Li’s reaffirmation of Beijing’s “unwavering” support to the private sector and pledge of further opening-up to attract foreign investments will boost stocks by underpinning investors’ risk appetite in the long run, according to Shenwan Hongyuan Group. Meanwhile, Saxo Markets said that the general rhetoric delivered by the new premier is pro-growth and market-friendly, offering some tailwind to equities.
“Attaching importance to the market and the private economy has always been a critical factor to support the risk appetite for the A-share market,” said Fu Jingtao, a strategist at Shenwan Hongyuan in Shanghai, referring to China’s yuan-traded stocks. “Attracting investments and opening-up, coupled with the digital economy, will probably be the focus of Premier Li’s work over a period of time.”
The Shanghai Composite Index fell 0.7 per cent on Tuesday, giving up some of the 1.2 per cent gain the previous day.

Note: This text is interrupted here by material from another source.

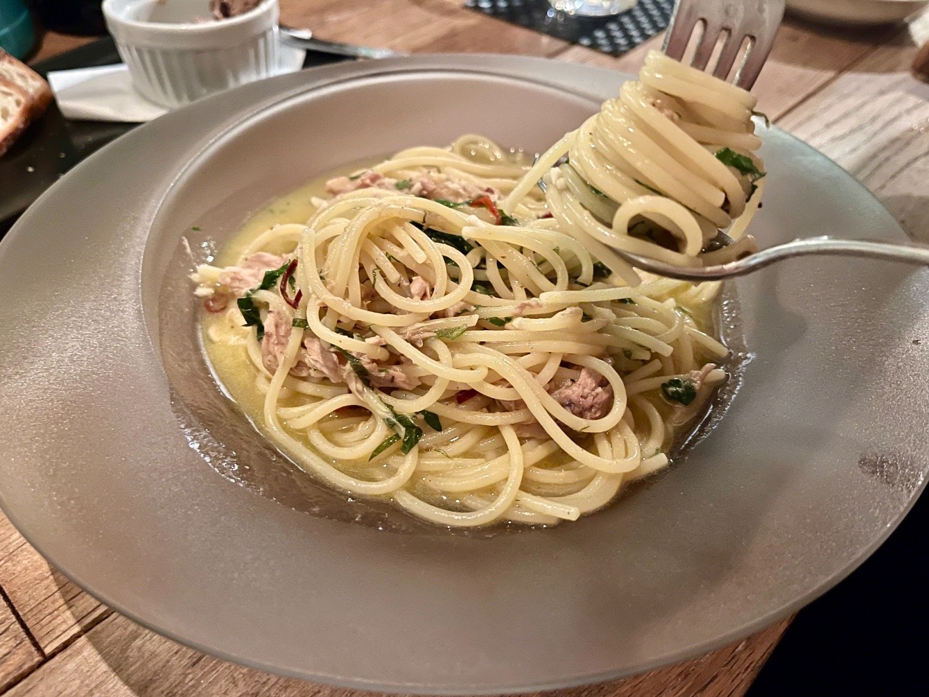 お料理の盛りがよいからお腹もそろそろふくれてきたけれど、どうしても締めはいただきたいのでパスタをチョイス。ツナと大葉のスパゲティ(1000円)を選びました。口に入れた瞬間、大葉のスッキリとさわやかな香りがフワリ!ツナのコク、オイルの旨味と絡み合って思わずどんどん食べ進んでしまいます!この大葉の使い方、最高です!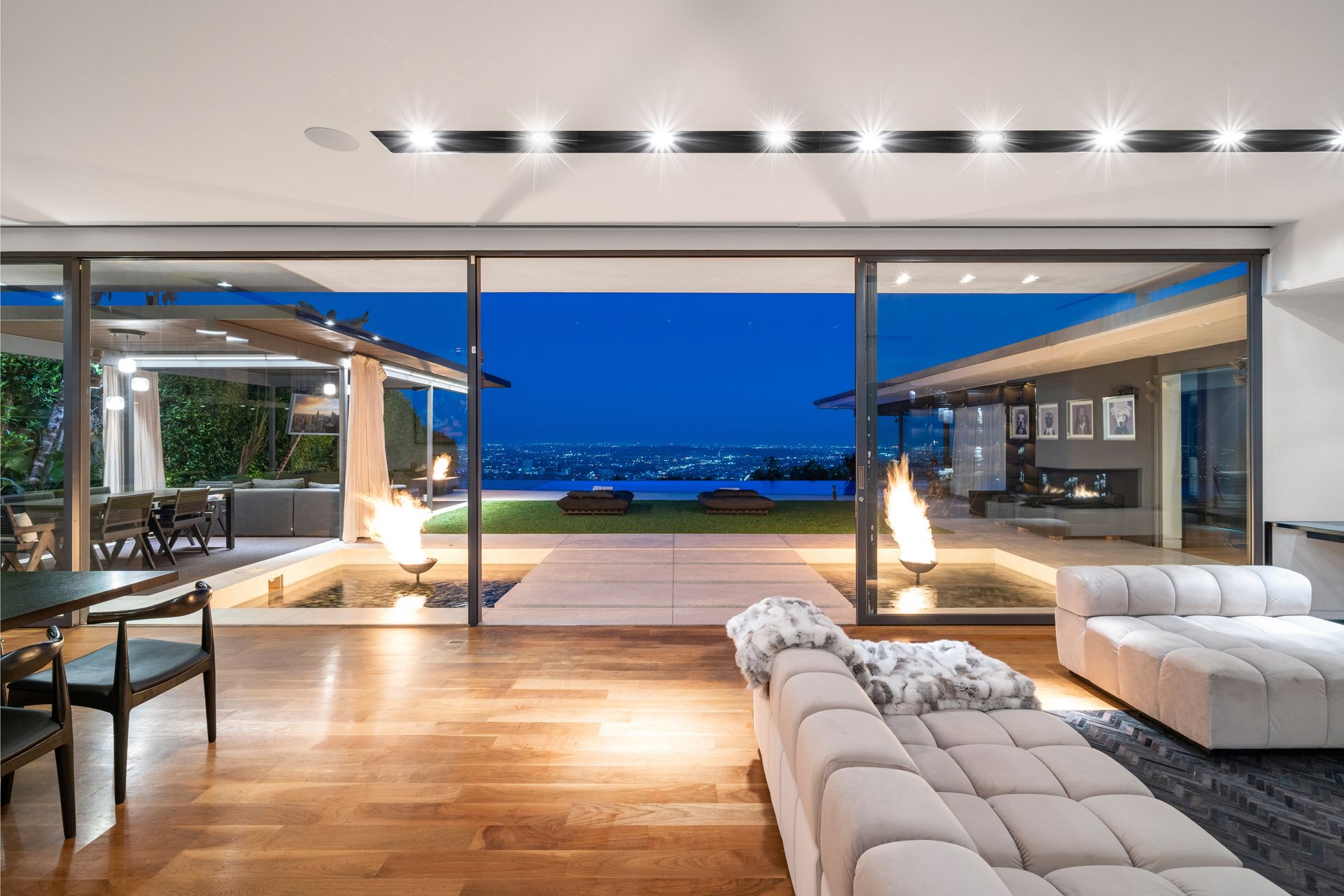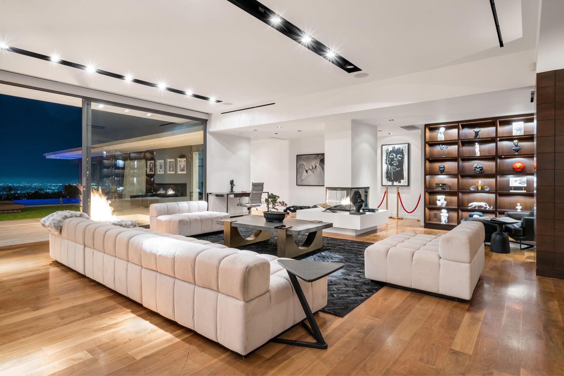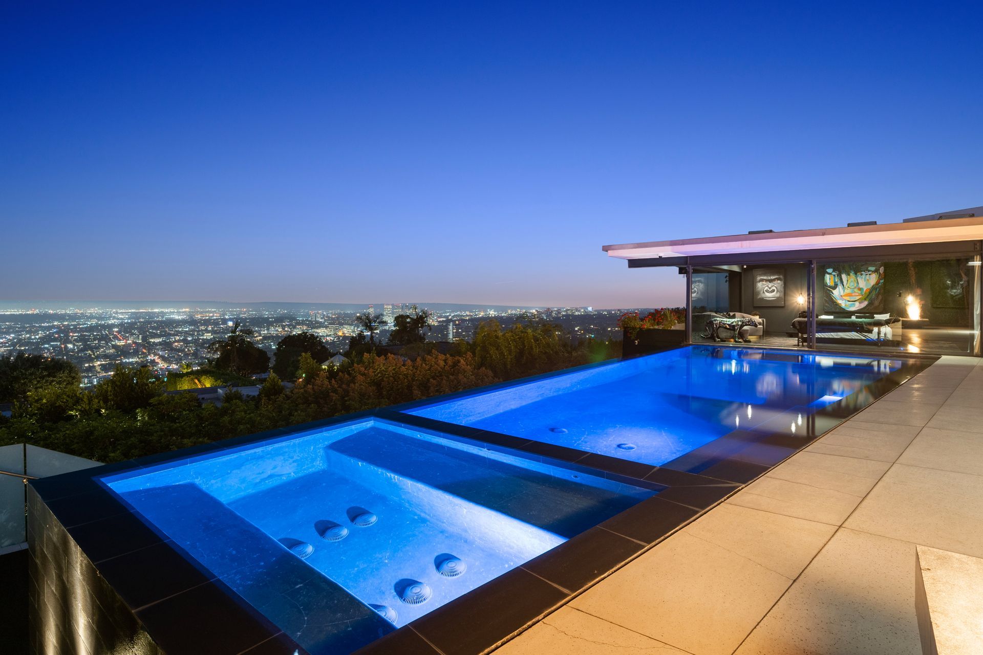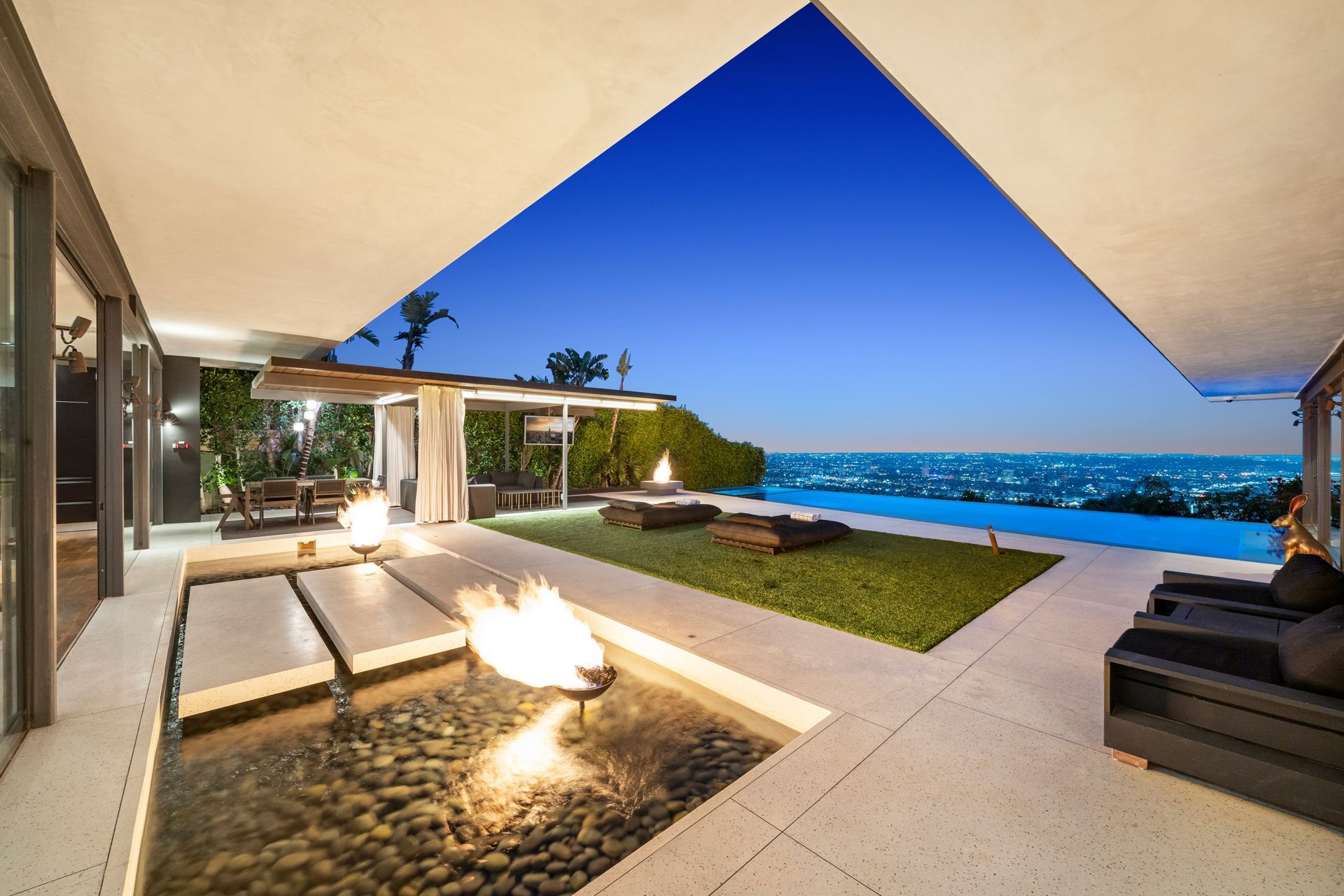 This elegant villa, located off Sunset Strip, presents unmatched architecture and stylish design. The focal point of the property is its stunning pool terrace, which boasts breathtaking city views and captivating fire pits. Additional luxurious amenities include a home theater, gym, and state-of-the-art furnishings and appliances.

The market’s reaction was relatively better compared with the end of the Party congress in October, when stocks fell by more than 2 per cent after President Xi Jinping’s consolidation of power raised concerns about the growth outlook.
Li, 63, widely viewed as a Xi loyalist, has gained a pro-business reputation among entrepreneurs and foreign investors. Before being promoted as a member of the decision-making Politburo’s standing committee last year, Li spent two decades in various capacities in Zhejiang, Jiangsu and Shanghai, China’s most economically developed regions, acting as provincial governor and party boss.